▶ **Problem to solve**: Retype, exactly as they appear below, the lines between the line holding "②「AIがメーカーの技術力と" and the line holding "Designet er minimalistisk", both ends included.

▶ **Data**:
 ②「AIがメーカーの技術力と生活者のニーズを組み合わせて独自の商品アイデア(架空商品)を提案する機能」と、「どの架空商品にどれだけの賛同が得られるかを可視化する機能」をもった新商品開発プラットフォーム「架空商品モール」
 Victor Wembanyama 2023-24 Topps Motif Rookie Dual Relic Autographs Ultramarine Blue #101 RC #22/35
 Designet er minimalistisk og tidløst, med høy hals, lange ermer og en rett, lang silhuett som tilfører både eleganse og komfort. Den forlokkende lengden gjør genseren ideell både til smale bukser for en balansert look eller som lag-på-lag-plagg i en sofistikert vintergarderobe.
...
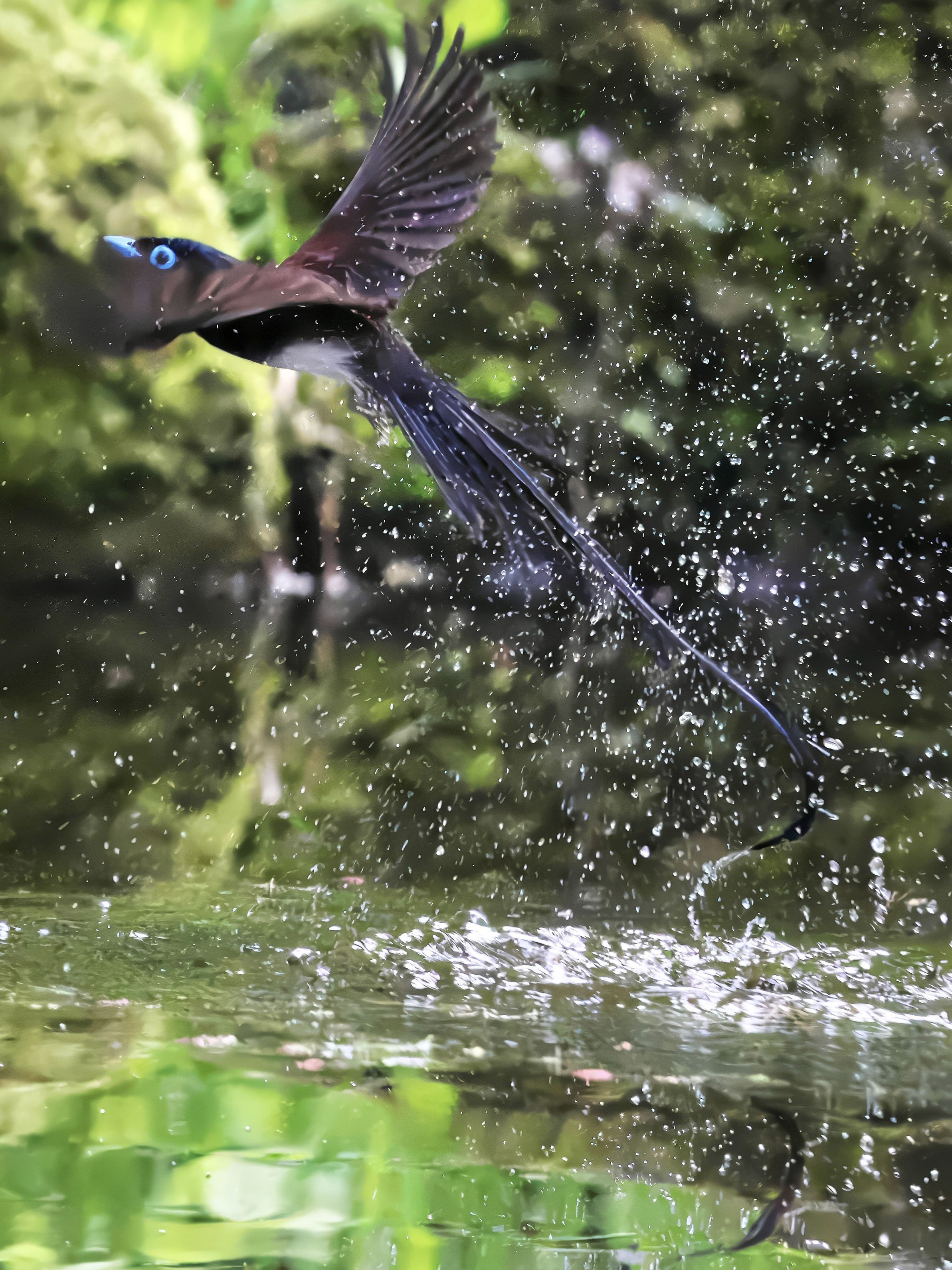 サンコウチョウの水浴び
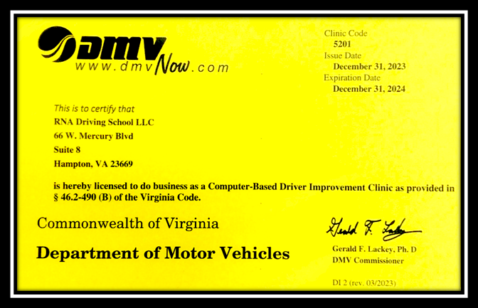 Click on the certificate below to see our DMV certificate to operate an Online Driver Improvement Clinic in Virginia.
--
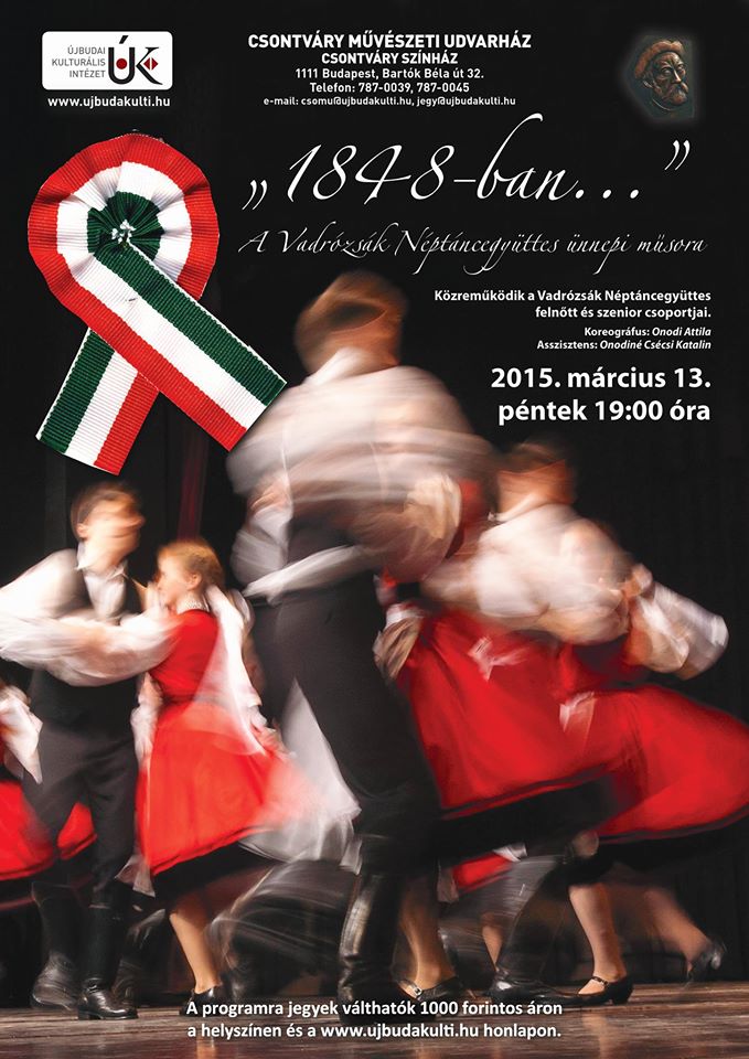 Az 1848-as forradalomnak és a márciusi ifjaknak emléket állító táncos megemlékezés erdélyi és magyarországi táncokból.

▶ **Exercise output**:
 ②「AIがメーカーの技術力と生活者のニーズを組み合わせて独自の商品アイデア(架空商品)を提案する機能」と、「どの架空商品にどれだけの賛同が得られるかを可視化する機能」をもった新商品開発プラットフォーム「架空商品モール」
 Victor Wembanyama 2023-24 Topps Motif Rookie Dual Relic Autographs Ultramarine Blue #101 RC #22/35
 Designet er minimalistisk og tidløst, med høy hals, lange ermer og en rett, lang silhuett som tilfører både eleganse og komfort. Den forlokkende lengden gjør genseren ideell både til smale bukser for en balansert look eller som lag-på-lag-plagg i en sofistikert vintergarderobe.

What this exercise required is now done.